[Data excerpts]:

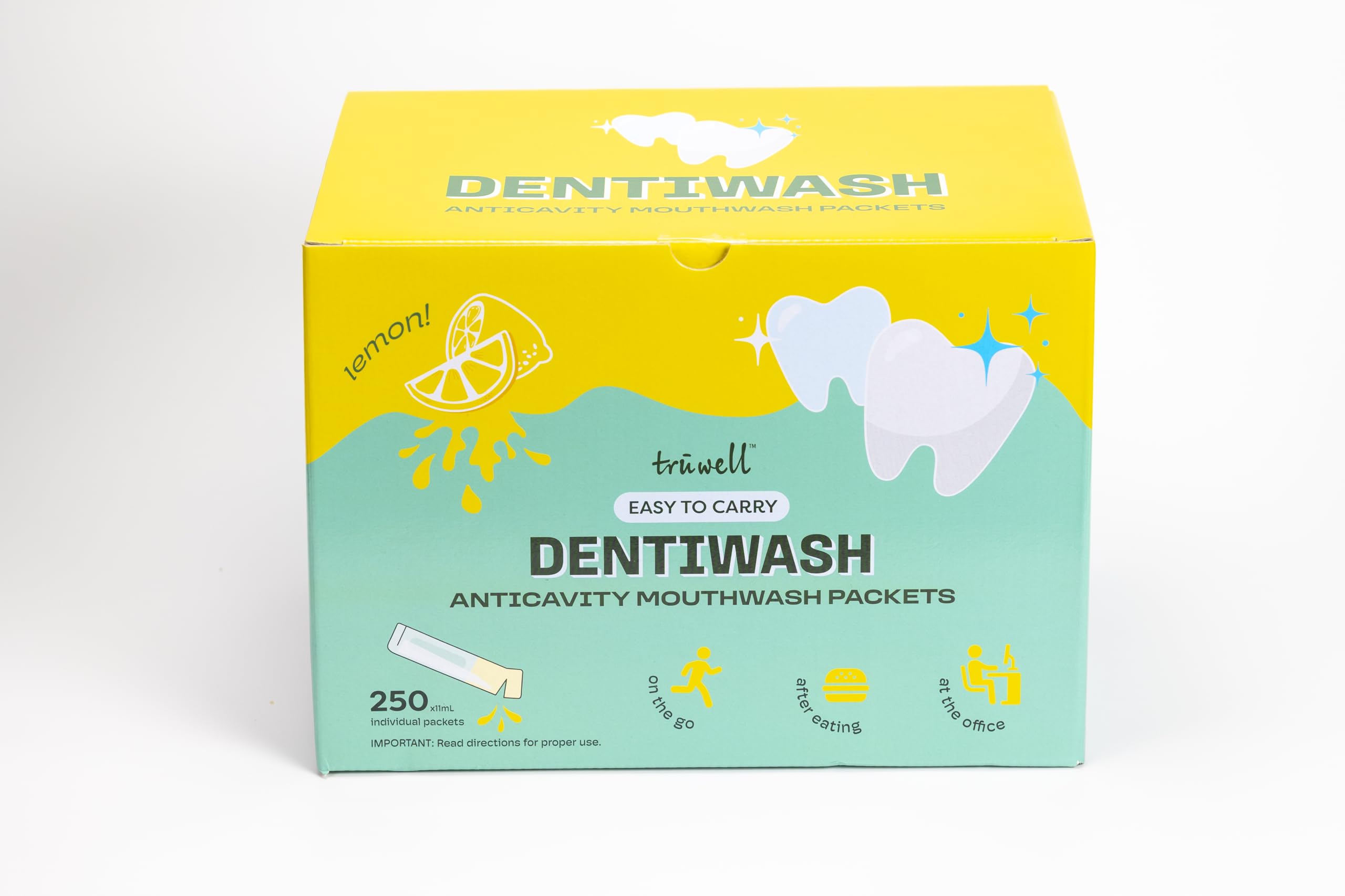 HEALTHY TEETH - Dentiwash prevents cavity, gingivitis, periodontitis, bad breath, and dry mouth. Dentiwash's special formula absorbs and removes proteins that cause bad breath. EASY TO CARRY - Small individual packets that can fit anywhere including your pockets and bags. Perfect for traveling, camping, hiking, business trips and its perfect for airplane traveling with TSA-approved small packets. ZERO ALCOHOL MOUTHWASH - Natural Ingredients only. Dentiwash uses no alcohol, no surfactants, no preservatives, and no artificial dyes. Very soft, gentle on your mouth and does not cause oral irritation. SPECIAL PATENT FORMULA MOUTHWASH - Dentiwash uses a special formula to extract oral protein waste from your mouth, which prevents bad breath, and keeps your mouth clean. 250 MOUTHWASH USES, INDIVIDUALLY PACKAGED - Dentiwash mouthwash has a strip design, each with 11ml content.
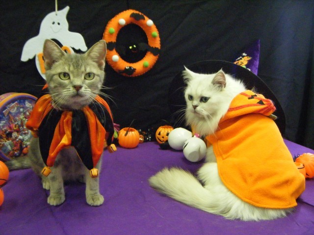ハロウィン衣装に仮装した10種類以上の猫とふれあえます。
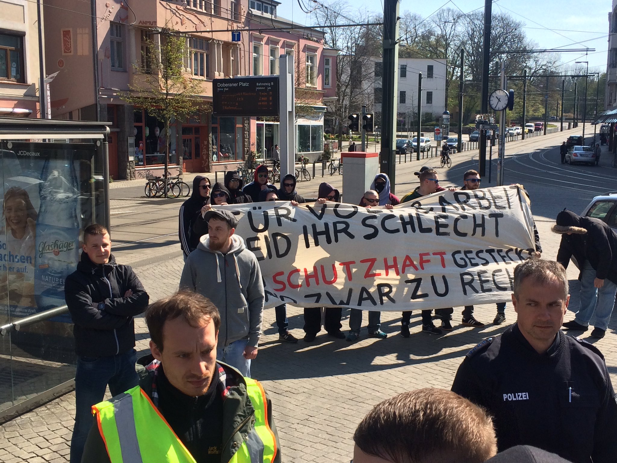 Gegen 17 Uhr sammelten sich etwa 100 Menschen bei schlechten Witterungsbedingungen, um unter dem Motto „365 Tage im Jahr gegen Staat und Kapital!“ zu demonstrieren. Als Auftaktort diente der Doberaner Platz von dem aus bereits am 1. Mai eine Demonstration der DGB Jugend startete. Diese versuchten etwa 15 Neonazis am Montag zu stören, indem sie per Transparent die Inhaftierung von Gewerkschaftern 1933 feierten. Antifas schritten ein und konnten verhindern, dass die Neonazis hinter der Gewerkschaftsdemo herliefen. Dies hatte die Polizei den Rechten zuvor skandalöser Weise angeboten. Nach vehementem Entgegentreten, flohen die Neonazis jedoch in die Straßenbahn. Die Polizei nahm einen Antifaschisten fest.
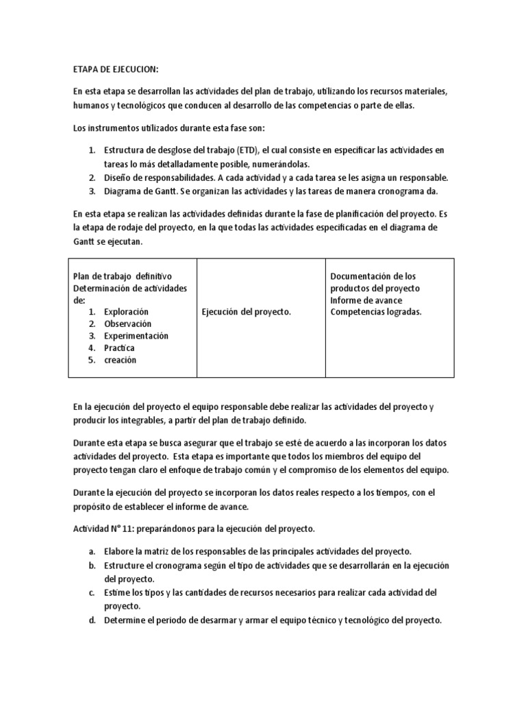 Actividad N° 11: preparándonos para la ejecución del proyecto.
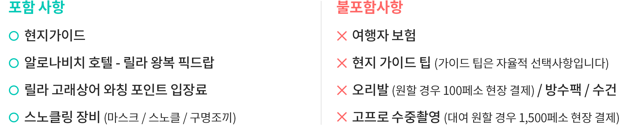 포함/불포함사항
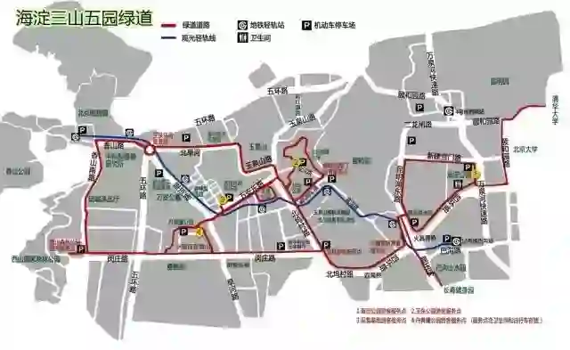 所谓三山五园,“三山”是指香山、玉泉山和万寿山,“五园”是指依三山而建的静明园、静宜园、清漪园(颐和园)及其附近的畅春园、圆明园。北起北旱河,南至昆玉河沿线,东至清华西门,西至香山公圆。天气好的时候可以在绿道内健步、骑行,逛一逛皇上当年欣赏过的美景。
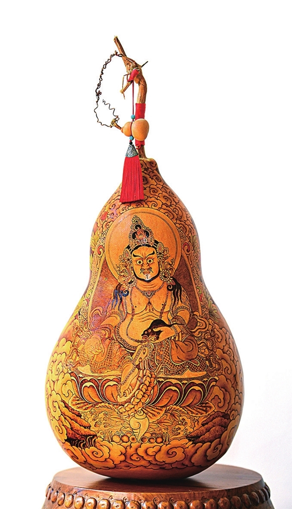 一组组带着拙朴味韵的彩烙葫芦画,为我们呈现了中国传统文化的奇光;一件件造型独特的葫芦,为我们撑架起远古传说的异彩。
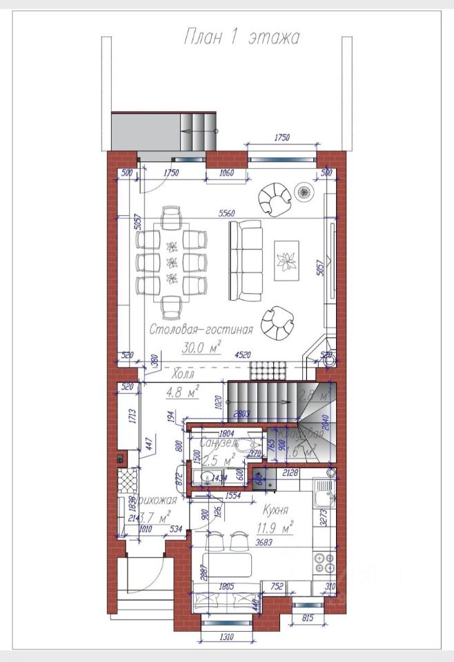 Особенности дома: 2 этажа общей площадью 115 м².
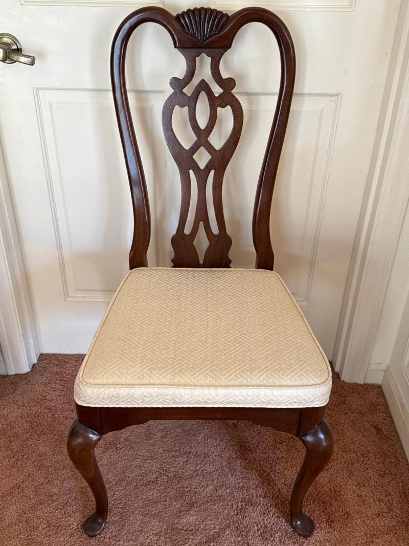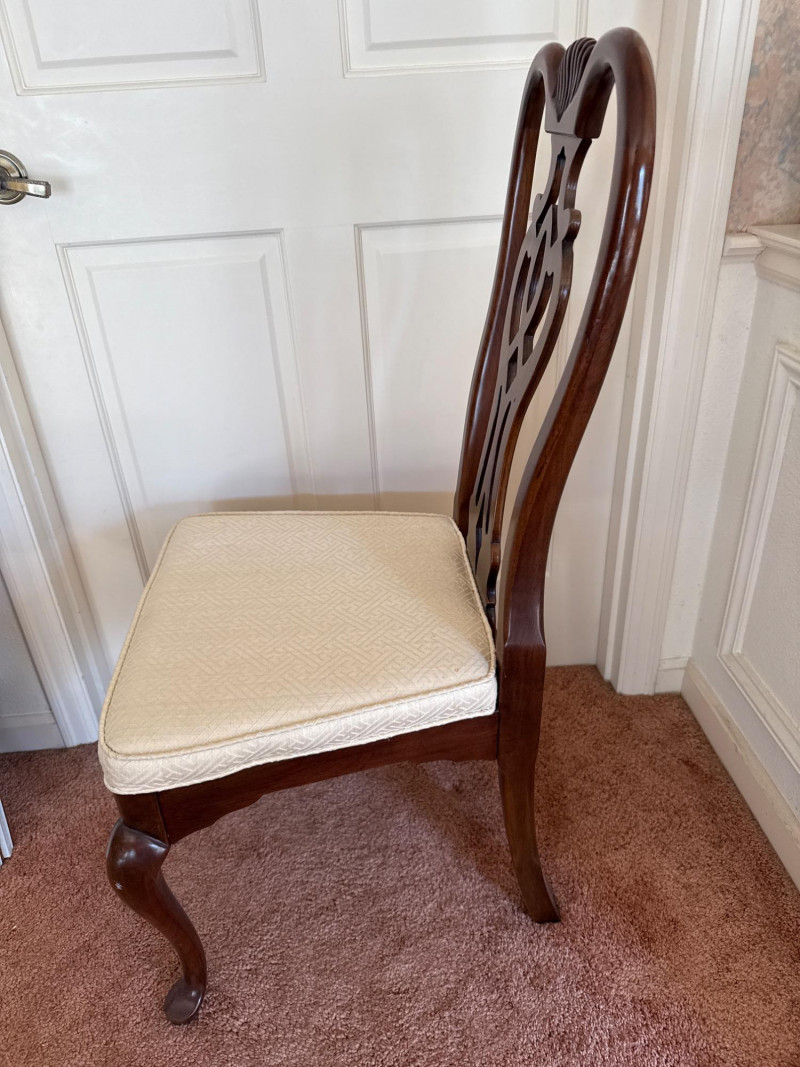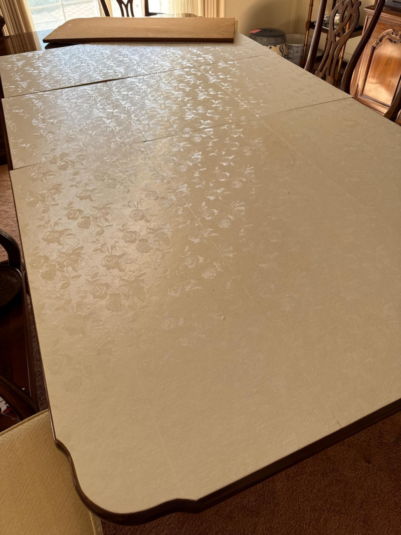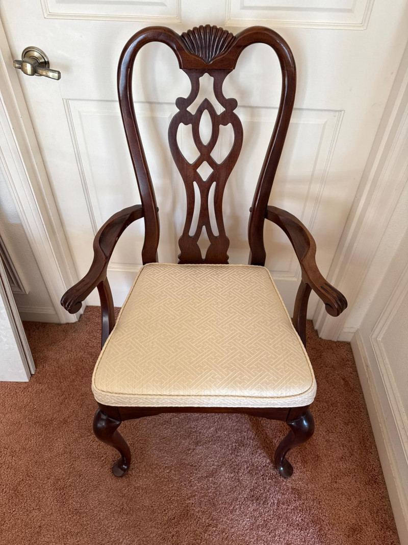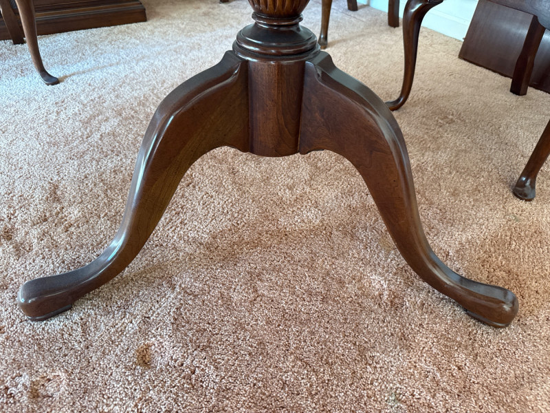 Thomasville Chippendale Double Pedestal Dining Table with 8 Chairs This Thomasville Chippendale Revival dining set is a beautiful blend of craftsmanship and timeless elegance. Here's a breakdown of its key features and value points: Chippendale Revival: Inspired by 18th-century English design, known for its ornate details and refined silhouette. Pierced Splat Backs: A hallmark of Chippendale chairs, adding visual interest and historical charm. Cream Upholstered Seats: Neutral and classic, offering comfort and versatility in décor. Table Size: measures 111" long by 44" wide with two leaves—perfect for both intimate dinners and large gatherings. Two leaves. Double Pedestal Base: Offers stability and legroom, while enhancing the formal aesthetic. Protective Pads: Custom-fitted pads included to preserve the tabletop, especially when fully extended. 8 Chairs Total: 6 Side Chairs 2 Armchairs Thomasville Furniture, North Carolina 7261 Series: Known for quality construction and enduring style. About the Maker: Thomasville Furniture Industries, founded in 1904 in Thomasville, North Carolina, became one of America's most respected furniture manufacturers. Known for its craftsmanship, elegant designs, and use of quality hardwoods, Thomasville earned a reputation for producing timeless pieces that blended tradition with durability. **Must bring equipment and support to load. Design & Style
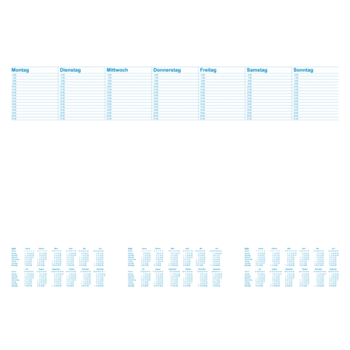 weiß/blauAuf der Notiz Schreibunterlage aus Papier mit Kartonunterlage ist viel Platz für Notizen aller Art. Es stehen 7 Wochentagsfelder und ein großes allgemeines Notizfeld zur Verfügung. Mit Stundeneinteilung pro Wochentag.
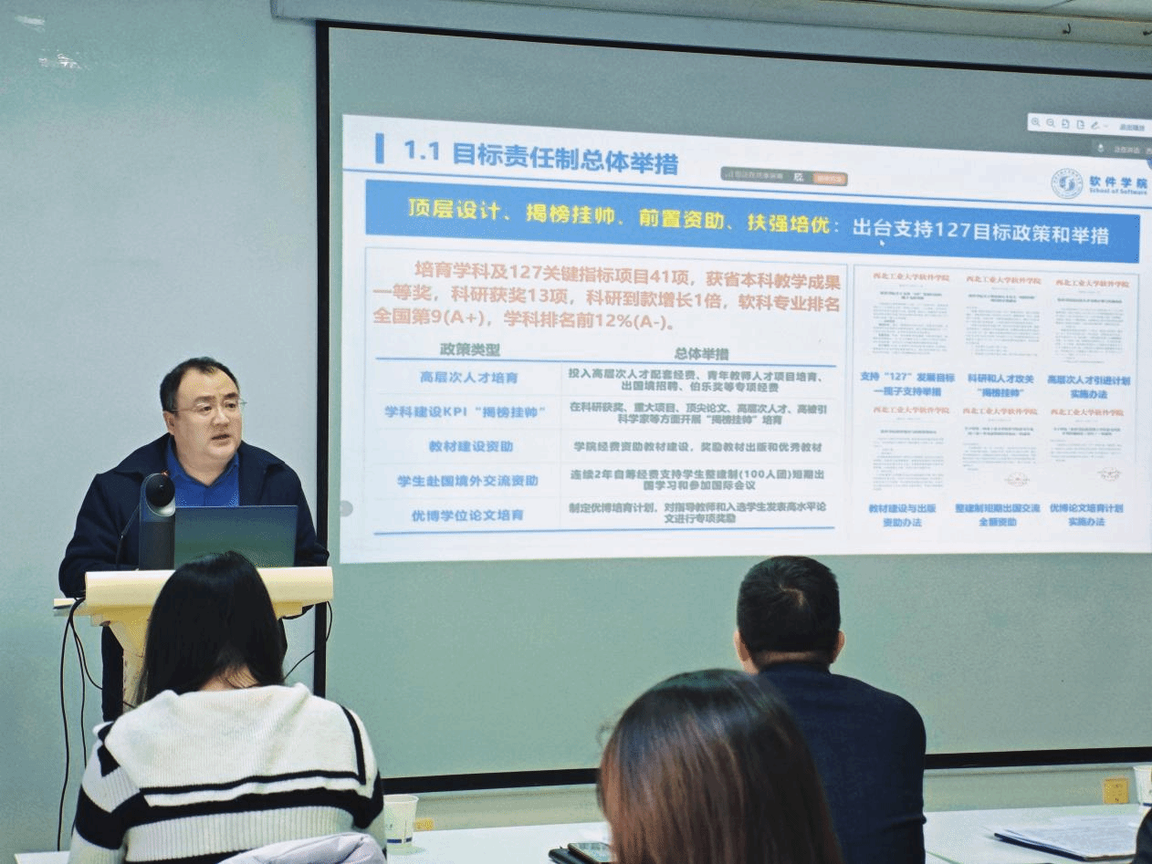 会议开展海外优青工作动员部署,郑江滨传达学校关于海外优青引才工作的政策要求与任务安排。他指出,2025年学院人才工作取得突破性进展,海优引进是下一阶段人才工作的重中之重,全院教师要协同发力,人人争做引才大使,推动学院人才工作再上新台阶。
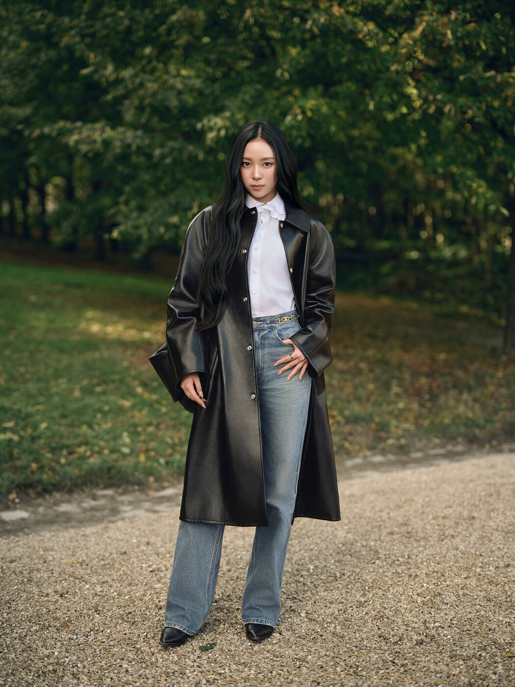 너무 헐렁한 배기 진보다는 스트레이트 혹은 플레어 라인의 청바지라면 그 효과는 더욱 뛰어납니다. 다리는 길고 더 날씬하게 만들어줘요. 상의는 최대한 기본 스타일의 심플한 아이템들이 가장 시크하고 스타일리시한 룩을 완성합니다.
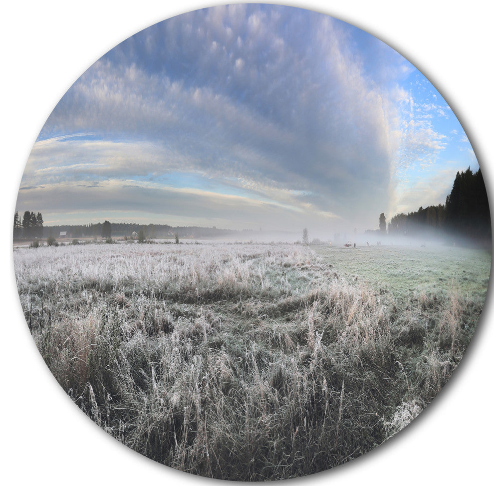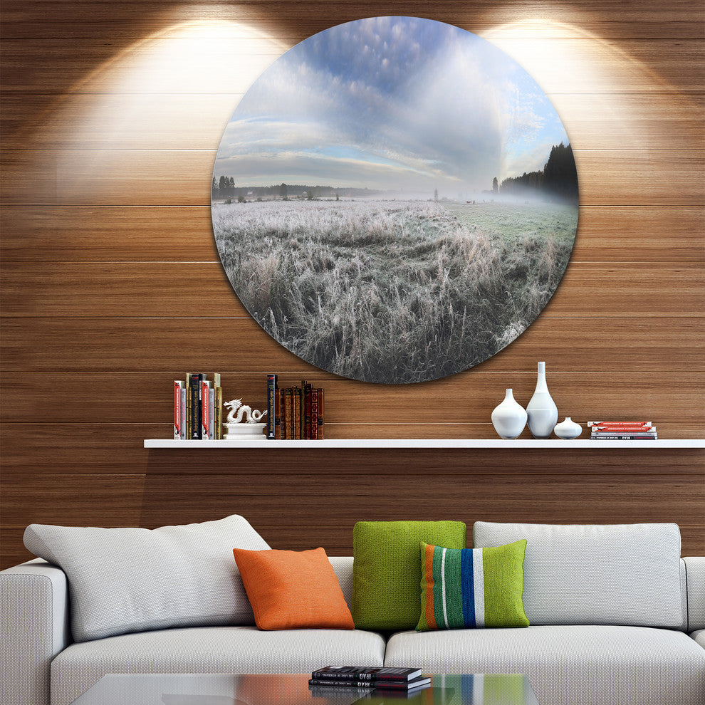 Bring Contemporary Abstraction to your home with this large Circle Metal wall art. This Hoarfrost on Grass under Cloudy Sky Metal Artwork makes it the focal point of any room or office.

[Exercise prompt]: Images aside, return each entry above precisely as it stands.

[Task answer]:
 HEALTHY TEETH - Dentiwash prevents cavity, gingivitis, periodontitis, bad breath, and dry mouth. Dentiwash's special formula absorbs and removes proteins that cause bad breath. EASY TO CARRY - Small individual packets that can fit anywhere including your pockets and bags. Perfect for traveling, camping, hiking, business trips and its perfect for airplane traveling with TSA-approved small packets. ZERO ALCOHOL MOUTHWASH - Natural Ingredients only. Dentiwash uses no alcohol, no surfactants, no preservatives, and no artificial dyes. Very soft, gentle on your mouth and does not cause oral irritation. SPECIAL PATENT FORMULA MOUTHWASH - Dentiwash uses a special formula to extract oral protein waste from your mouth, which prevents bad breath, and keeps your mouth clean. 250 MOUTHWASH USES, INDIVIDUALLY PACKAGED - Dentiwash mouthwash has a strip design, each with 11ml content.
ハロウィン衣装に仮装した10種類以上の猫とふれあえます。
 Gegen 17 Uhr sammelten sich etwa 100 Menschen bei schlechten Witterungsbedingungen, um unter dem Motto „365 Tage im Jahr gegen Staat und Kapital!“ zu demonstrieren. Als Auftaktort diente der Doberaner Platz von dem aus bereits am 1. Mai eine Demonstration der DGB Jugend startete. Diese versuchten etwa 15 Neonazis am Montag zu stören, indem sie per Transparent die Inhaftierung von Gewerkschaftern 1933 feierten. Antifas schritten ein und konnten verhindern, dass die Neonazis hinter der Gewerkschaftsdemo herliefen. Dies hatte die Polizei den Rechten zuvor skandalöser Weise angeboten. Nach vehementem Entgegentreten, flohen die Neonazis jedoch in die Straßenbahn. Die Polizei nahm einen Antifaschisten fest.
 Actividad N° 11: preparándonos para la ejecución del proyecto.
 포함/불포함사항
 所谓三山五园,“三山”是指香山、玉泉山和万寿山,“五园”是指依三山而建的静明园、静宜园、清漪园(颐和园)及其附近的畅春园、圆明园。北起北旱河,南至昆玉河沿线,东至清华西门,西至香山公圆。天气好的时候可以在绿道内健步、骑行,逛一逛皇上当年欣赏过的美景。
 一组组带着拙朴味韵的彩烙葫芦画,为我们呈现了中国传统文化的奇光;一件件造型独特的葫芦,为我们撑架起远古传说的异彩。
 Особенности дома: 2 этажа общей площадью 115 м².
 Thomasville Chippendale Double Pedestal Dining Table with 8 Chairs This Thomasville Chippendale Revival dining set is a beautiful blend of craftsmanship and timeless elegance. Here's a breakdown of its key features and value points: Chippendale Revival: Inspired by 18th-century English design, known for its ornate details and refined silhouette. Pierced Splat Backs: A hallmark of Chippendale chairs, adding visual interest and historical charm. Cream Upholstered Seats: Neutral and classic, offering comfort and versatility in décor. Table Size: measures 111" long by 44" wide with two leaves—perfect for both intimate dinners and large gatherings. Two leaves. Double Pedestal Base: Offers stability and legroom, while enhancing the formal aesthetic. Protective Pads: Custom-fitted pads included to preserve the tabletop, especially when fully extended. 8 Chairs Total: 6 Side Chairs 2 Armchairs Thomasville Furniture, North Carolina 7261 Series: Known for quality construction and enduring style. About the Maker: Thomasville Furniture Industries, founded in 1904 in Thomasville, North Carolina, became one of America's most respected furniture manufacturers. Known for its craftsmanship, elegant designs, and use of quality hardwoods, Thomasville earned a reputation for producing timeless pieces that blended tradition with durability. **Must bring equipment and support to load. Design & Style
 weiß/blauAuf der Notiz Schreibunterlage aus Papier mit Kartonunterlage ist viel Platz für Notizen aller Art. Es stehen 7 Wochentagsfelder und ein großes allgemeines Notizfeld zur Verfügung. Mit Stundeneinteilung pro Wochentag.
 会议开展海外优青工作动员部署,郑江滨传达学校关于海外优青引才工作的政策要求与任务安排。他指出,2025年学院人才工作取得突破性进展,海优引进是下一阶段人才工作的重中之重,全院教师要协同发力,人人争做引才大使,推动学院人才工作再上新台阶。
 너무 헐렁한 배기 진보다는 스트레이트 혹은 플레어 라인의 청바지라면 그 효과는 더욱 뛰어납니다. 다리는 길고 더 날씬하게 만들어줘요. 상의는 최대한 기본 스타일의 심플한 아이템들이 가장 시크하고 스타일리시한 룩을 완성합니다.
 Bring Contemporary Abstraction to your home with this large Circle Metal wall art. This Hoarfrost on Grass under Cloudy Sky Metal Artwork makes it the focal point of any room or office.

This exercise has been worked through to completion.